1. Title of Protocol
Molecular genetics of Prader Willi Syndrome (PWS) and Angelman Syndrome (AS): Part II - A therapeutic trial in Angelman Syndrome (AS)
2. Background
(Identical for Parts I and II)
Prader Willi Syndrome (PWS) is caused by paternal genetic deficiency for a gene or genes mapping to chromosome 15q11-q13. Prader Willi Syndrome is characterized by neonatal feeding difficulties (often requiring tube feeding), infantile hypotonia, moderate mental retardation, excessive appetite leading to obesity in childhood, and hypothalamic defects leading to hypogonadism and growth hormone deficiency. All or almost all patients with a typical Prader Willi phenotype have an identifiable molecular defect.
Angelman Syndrome (AS) is caused by maternal genetic deficiency for a gene that encodes E6-AP ubiquitin-protein ligase (gene symbol UBE3A) mapping to chromosome 15q11-q13. The genes causing PWS and AS are subject to genomic imprinting; expression of the relevant gene(s) from the paternal chromosome is essential to prevent PWS, and expression of UBE3A from the maternal chromosome is essential to prevent AS. PWS is caused by large deletions of ~4 Mb of 15q11-q13, by uniparental disomy (UPD) with two maternal copies of 15q11-q13 and paternal deficiency for 15q11-q13, and by imprinting defects such that the paternal chromosome has the methylation and gene expression pattern normally expected for a maternal chromosome (Table 1).

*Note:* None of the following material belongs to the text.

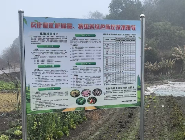 宣传牌清晰梳理了水稻、甘薯、花生等本地常见农作物定额施肥指导意见,明确每种作物化肥投入定额标准、施肥配方和施肥技术要点,同时相应详解作物的病虫害绿色防控技术。通过可视化的技术指导,引导农户合理把控施肥量、选用绿色防控技术,提升科学种植水平,从生产源头降低农业面源污染,为饮用水源地的生态安全织密了农业防护网,保障饮用水安全。

Angelman Syndrome is caused by large ~4 Mb deletions of maternal 15q11-q13, by UPD with two copies of paternal 15q11-q13 and deficiency of maternal 15q11-q13, by imprinting defects such that the maternal chromosome has the methylation and gene expression pattern of a paternal chromosome, by loss-of-function point mutations in UBE3A, and by unknown molecular abnormalities in a fraction of patients. The number of genes involved, the phenomenon of genomic imprinting, the diversity of molecular mechanisms bringing about genetic deficiency, and the tissue-specific aspect of gene expression makes the background information particularly complex, reviews are available (see first 3 references). There is extensive methylation of DNA on the maternal chromosome associated with silencing of the large domain of paternally expressed genes.

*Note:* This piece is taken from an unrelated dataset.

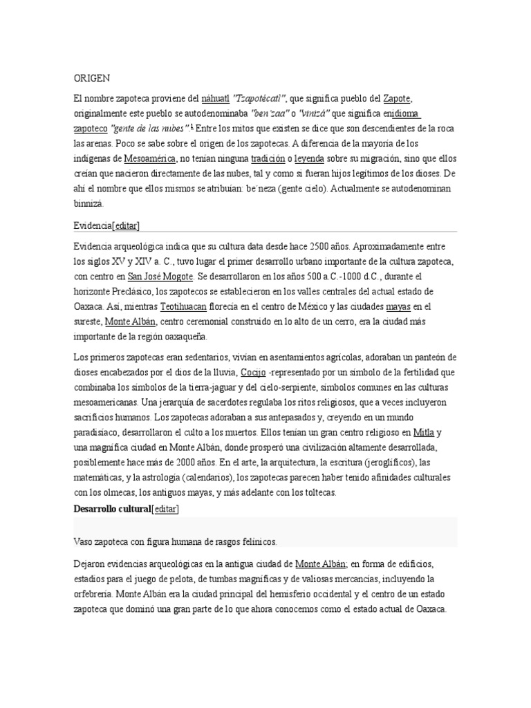 las arenas. Poco se sabe sobre el origen de los zapotecas. A diferencia de la mayora de los

The paternal chromosome is for the most part unmethylated with most of the genes in the region being expressed. The Angelman gene (UBE3A) is expressed from both the paternal and maternal chromosome in somatic tissues and in many parts of the brain, while only the maternal gene is expressed in certain parts of brain, probably Purkinje cells and hippocampal neurons based on analogy to mouse data. In part II of this study, it is hypothesized that increased methylation of DNA on the paternal chromosome might increase the expression of UBE3A and ameliorate the phenotype in Angelman Syndrome.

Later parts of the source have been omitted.